Strengths and Limitations
The present study had a number of strengths and limitations. First, we were able to leverage administrative data to identify patterns of needs that exist within the entire population of families involved in foster care in a Midwestern state and we were not limited by a convenience sample in our generalizations. Further, we used a sophisticated machine learning technique to address a direct service question, namely, what are the patterns of family needs under which children are removed from the home and enter foster care that multi-component maltreatment prevention interventions should address. We were, however, limited by the assessed needs available in the administrative dataset. The FANS tool does not comprehensively assess all family, caregiver, and child needs, and thus other important patterns of needs may exist in this population. Moreover, the FANS tool was developed to guide service planning, thus, the reliability and validity of the tool has not been rigorously evaluated. Given that the reliability and validity of the FANS tool is unknown, there is the potential for the introduction of caseworker bias into the data. Finally, only 34% of families whose children entered foster care indicated a need within the FANS assessment (i.e., 1631 of 4752 families). Nineteen percent (i.e., 905 families) did not complete the FANS, and another 47% of families did not have any need within the FANS. Because FANS does not guide decisions regarding whether or not to remove a child from the home (as this is determined by the maltreatment investigation), the absence of indicated needs among this majority of families may signal a true absence of social and material needs. However, this absence of indicated needs on FANS also may reflect the FANS tool’s inability to detect true and present needs. Accordingly, the present analyses could yield different needs patterns when based on different needs assessment tools. Likewise, repeating the present analyses in datasets from other states that include validated measures of caregiver and family needs, such as the North Carolina Family Assessment Scale (NCFAS)(Reed-Ashcraft et al., 2001) or the Family Assessment Form (FAF)(McCroskey et al., 1991), would provide useful insights into the validity of present findings.

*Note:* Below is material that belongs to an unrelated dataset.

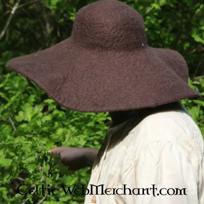 This hat is based on various paintings from the 15th, 16th and 17th centuries. Similar hats were used worldwide up until the 18th century. They were ideal for persons working outside or on the fields. The hat is made of 100% wool. Its wide brim protects against the sun. It is suitable for a head circumference of 59-61 cm.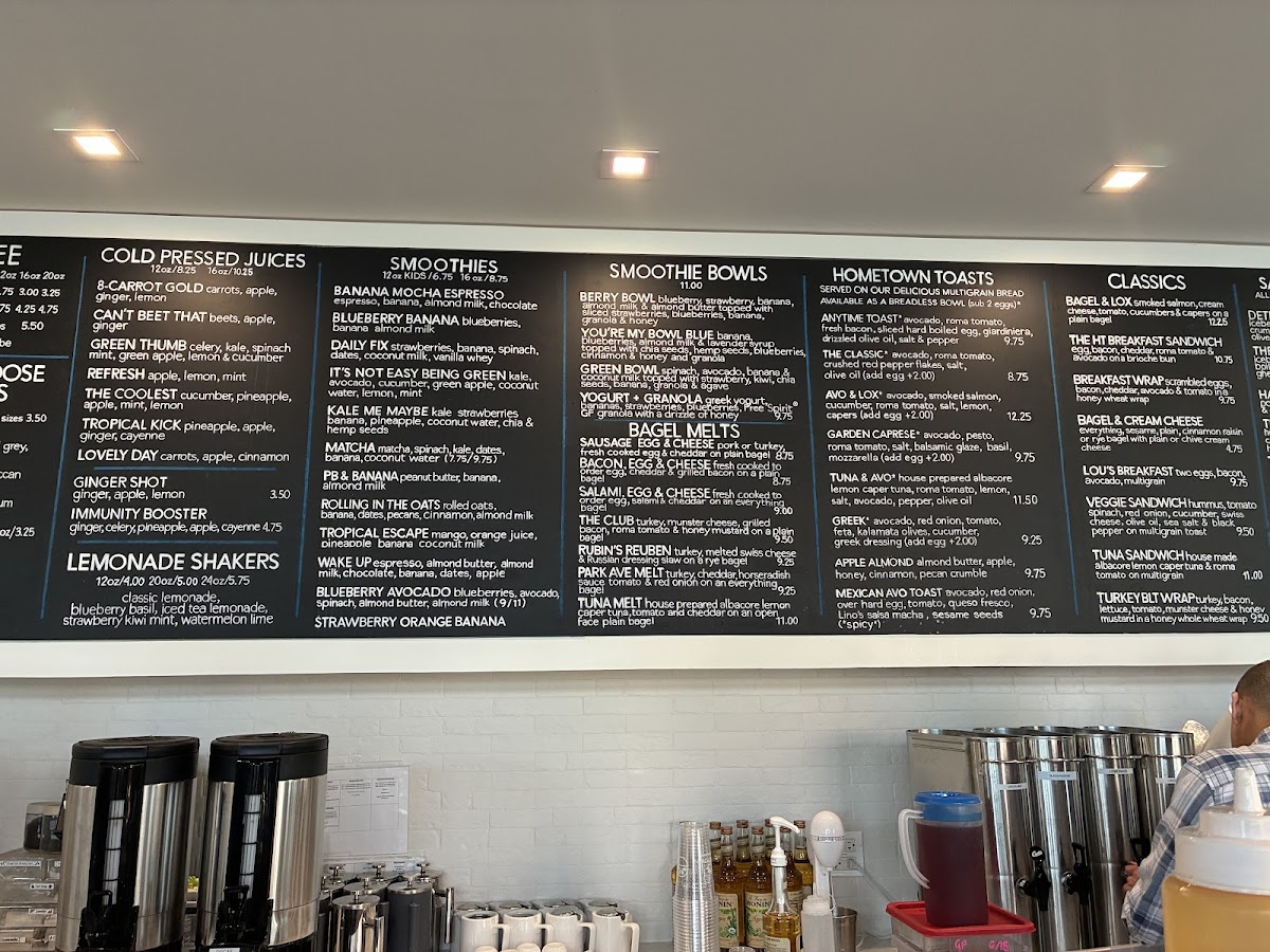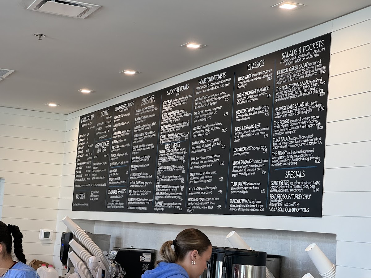 Breakfast and lunch options include a tempting selection of Bagel Melts, such as Salami, Egg & Cheese and Bacon, Egg & Cheese, while the Classics menu features favorites like the Bagel & Lox and Lou's Breakfast. The Hometown Toasts are perfect for those craving a quick bite, with offerings like the Avo & Lox and Garden Caprese. For a heartier meal, the Salads & Pockets menu includes the Detroit Greek Salad and The Hometown Salad.

Regardless, the present analyses demonstrate that ARM can be a useful tool for identifying needs patterns and guiding future research and practice.
Conclusions
Families involved in foster care have multiple needs, and hundreds of unique combinations of needs exist. As child welfare systems continue to integrate evidence-based practices and evidence-based service planning, caseworkers must remain cognizant of the impact of particular patterns of need co-occurrence on service effectiveness as they seek to develop focused, parsimonious service plans. The present analysis identified patterns in these profiles and provides a map for future research to investigate which needs should be addressed together versus which needs can be sufficiently addressed in isolation to prevention maltreatment and maltreatment recurrence.
Footnotes
Declaration of conflicting interests
The author(s) declared no potential conflicts of interest with respect to the research, authorship, and/or publication of this article.
Funding
The author(s) received no financial support for the research, authorship, and/or publication of this article.